**Given data:**
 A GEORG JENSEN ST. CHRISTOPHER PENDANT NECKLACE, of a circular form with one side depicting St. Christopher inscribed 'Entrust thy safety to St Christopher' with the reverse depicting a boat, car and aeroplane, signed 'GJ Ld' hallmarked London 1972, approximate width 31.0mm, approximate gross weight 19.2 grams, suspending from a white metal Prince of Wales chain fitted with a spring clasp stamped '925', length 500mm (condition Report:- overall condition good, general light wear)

==

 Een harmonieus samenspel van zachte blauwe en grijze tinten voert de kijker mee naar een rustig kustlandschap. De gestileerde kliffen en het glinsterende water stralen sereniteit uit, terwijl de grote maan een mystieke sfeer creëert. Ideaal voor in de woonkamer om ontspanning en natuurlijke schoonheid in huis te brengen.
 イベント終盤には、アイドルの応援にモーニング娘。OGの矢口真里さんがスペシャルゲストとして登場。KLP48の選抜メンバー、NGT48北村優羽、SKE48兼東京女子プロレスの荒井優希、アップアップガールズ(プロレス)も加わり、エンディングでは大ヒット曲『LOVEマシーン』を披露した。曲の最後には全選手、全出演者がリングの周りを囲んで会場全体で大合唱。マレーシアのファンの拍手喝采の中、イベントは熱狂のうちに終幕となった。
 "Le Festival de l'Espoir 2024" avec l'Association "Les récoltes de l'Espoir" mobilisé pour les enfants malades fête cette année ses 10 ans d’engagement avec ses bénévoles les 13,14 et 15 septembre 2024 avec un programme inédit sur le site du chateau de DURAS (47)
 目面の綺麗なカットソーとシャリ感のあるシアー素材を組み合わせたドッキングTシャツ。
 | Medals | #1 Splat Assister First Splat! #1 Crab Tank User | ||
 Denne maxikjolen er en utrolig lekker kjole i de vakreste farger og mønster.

**Work request:** In the listing above, locate the line containing "イベント終盤には、アイドルの" and the line containing "Denne maxikjolen er", then transcribe both and every line between them verbatim.

**Task output:**
 イベント終盤には、アイドルの応援にモーニング娘。OGの矢口真里さんがスペシャルゲストとして登場。KLP48の選抜メンバー、NGT48北村優羽、SKE48兼東京女子プロレスの荒井優希、アップアップガールズ(プロレス)も加わり、エンディングでは大ヒット曲『LOVEマシーン』を披露した。曲の最後には全選手、全出演者がリングの周りを囲んで会場全体で大合唱。マレーシアのファンの拍手喝采の中、イベントは熱狂のうちに終幕となった。
 "Le Festival de l'Espoir 2024" avec l'Association "Les récoltes de l'Espoir" mobilisé pour les enfants malades fête cette année ses 10 ans d’engagement avec ses bénévoles les 13,14 et 15 septembre 2024 avec un programme inédit sur le site du chateau de DURAS (47)
 目面の綺麗なカットソーとシャリ感のあるシアー素材を組み合わせたドッキングTシャツ。
 | Medals | #1 Splat Assister First Splat! #1 Crab Tank User | ||
 Denne maxikjolen er en utrolig lekker kjole i de vakreste farger og mønster.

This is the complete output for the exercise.